Rail News: Rail Industry Trends
Most Class Is expect to spend less on capex in 2017.Photo – bnsf.com
By Jeff Stagl, Managing Editor
The seven Class Is have announced their capital spending programs for 2017 and the year-over-year scorecard shows five plan to spend less, one has budgeted more and one has allocated the same amount.
Canadian Pacific is allocating 1.25 billion Canadian dollars for its capital expenditures (capex), up 6 percent compared with its 2016 budget. About 70 percent of the spending targets basic replacement and maintenance work, with the balance budgeted for initiatives designed to boost productivity and service reliability.
Because the Class I has more than 400 locomotives stored, it won’t need to acquire new units for the next several years, CP officials believe. But some 2017 capex funds are earmarked to modernize the locomotive fleet and improve its reliability.
At Norfolk Southern Corp., the 2017 capital spending plan of $1.9 billion matches last year’s capex. The funds will help the Class I maintain the safety of its network, enhance service, improve operational efficiency and support growth opportunities, NS officials said in a press release.
The 2017 budget includes $930 million for roadway maintenance, $290 million for locomotives, $240 million for ongoing positive train control (PTC) work, $170 million for facilities and terminals, $110 million for technology and similar initiatives, $80 million for infrastructure, and $50 million for freight cars.
Among the five other Class Is that are budgeting less for capex this year, Union Pacific Railroad's $3.1 billion program is down 11 percent compared with 2016 capex of $3.5 billion. More than half of the 2017 budget targets work to harden infrastructure, replace older assets, and improve the network’s safety and resiliency. In addition, $300 million is allocated for ongoing PTC implementation.
UP previously had planned to acquire 100 locomotives in 2017 as part of a prior purchase commitment, but this year's capital plan now includes about 60 locomotives, with delivery of the remainder delayed until 2018.
BNSF Railway Co.'s 2017 capex of $3.4 billion has dropped nearly 13 percent from 2016's $3.9 billion, in part because the Class I has invested a lot of capital in network improvements and growth during the past several years. This year’s budget includes $2.4 billion to replace and maintain the core network and related assets; $400 million for expansion projects; $400 million for locomotives, freight cars and other equipment; and $100 million for PTC.
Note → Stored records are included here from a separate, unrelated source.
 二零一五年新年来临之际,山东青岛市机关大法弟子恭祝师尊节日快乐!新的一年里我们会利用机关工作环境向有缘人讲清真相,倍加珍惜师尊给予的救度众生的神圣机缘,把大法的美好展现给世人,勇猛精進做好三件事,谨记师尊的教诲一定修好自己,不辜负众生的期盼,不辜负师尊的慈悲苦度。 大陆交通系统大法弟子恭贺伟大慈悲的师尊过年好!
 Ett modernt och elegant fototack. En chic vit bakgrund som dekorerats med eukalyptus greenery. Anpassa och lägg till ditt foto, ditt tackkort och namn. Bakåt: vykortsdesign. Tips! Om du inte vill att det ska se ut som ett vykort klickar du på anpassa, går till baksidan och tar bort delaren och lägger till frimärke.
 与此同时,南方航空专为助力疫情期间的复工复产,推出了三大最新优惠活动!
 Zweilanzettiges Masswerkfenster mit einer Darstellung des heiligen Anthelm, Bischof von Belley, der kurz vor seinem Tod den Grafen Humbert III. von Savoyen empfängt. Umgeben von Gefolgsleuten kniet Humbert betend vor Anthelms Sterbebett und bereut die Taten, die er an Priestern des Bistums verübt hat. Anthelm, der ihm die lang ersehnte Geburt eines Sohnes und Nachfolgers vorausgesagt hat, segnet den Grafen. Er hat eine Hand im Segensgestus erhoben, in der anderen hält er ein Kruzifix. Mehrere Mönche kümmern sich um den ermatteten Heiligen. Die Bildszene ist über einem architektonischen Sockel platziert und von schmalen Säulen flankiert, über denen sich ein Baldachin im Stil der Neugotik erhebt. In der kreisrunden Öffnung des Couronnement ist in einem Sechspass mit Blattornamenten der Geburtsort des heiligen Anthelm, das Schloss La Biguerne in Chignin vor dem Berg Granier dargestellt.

At CSX, capex has declined to $2.2 billion from 2016's $2.7 billion, which included $307 million in payments for locomotives that were purchased under seller financing and delivered in 2015. More than half of the funds will be used to maintain infrastructure to help ensure a safe and reliable network. Equipment investments are down significantly from the prior year due to the completion of the locomotive purchase commitment.
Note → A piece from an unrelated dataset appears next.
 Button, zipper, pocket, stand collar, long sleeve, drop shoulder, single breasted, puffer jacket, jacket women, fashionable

The 2017 budget also includes about $270 million for ongoing PTC work. The Class I has spent about $1.8 billion on PTC through 2016 and now pegs the total cost of implementation at about $2.4 billion.
For CN, CA$400 million is allocated for PTC work in 2017 as part of capex totaling CA$2.5 billion. In 2016, the Class I's capital spending was set at CA$2.9 billion. The 2017 budget includes CA$1.6 billion for basic track infrastructure work.
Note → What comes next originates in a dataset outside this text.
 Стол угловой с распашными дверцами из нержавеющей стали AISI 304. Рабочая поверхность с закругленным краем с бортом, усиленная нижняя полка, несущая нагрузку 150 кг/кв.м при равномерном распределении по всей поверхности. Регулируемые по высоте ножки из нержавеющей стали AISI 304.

The remaining Class I — Kansas City Southern — has reduced capex by about $30 million year over year and expects to spend $550 million to $560 million in 2017. General and maintenance spending is down because of infrastructure improvements made over the past several years, including the completion of the Monterrey-to-Nuevo Laredo track upgrade in Mexico last year.
Although no money is set aside for locomotive purchases — KCS has no plans to acquire any in 2017 — there are dollars allocated for PTC work. But PTC spending is expected to drop substantially starting in 2018.
KCS plans to keep enhancing capacity across its network in 2017, led by a continued investment in Sanchez yard in Nuevo Laredo, Mexico, and additional mainline siding capacity projects. The yard expansion is expected to provide additional capacity and improved mechanical facilities in 2017. In addition, work at the Sasol support yard facility in Mossville, La., will continue and is scheduled for completion in late 2017.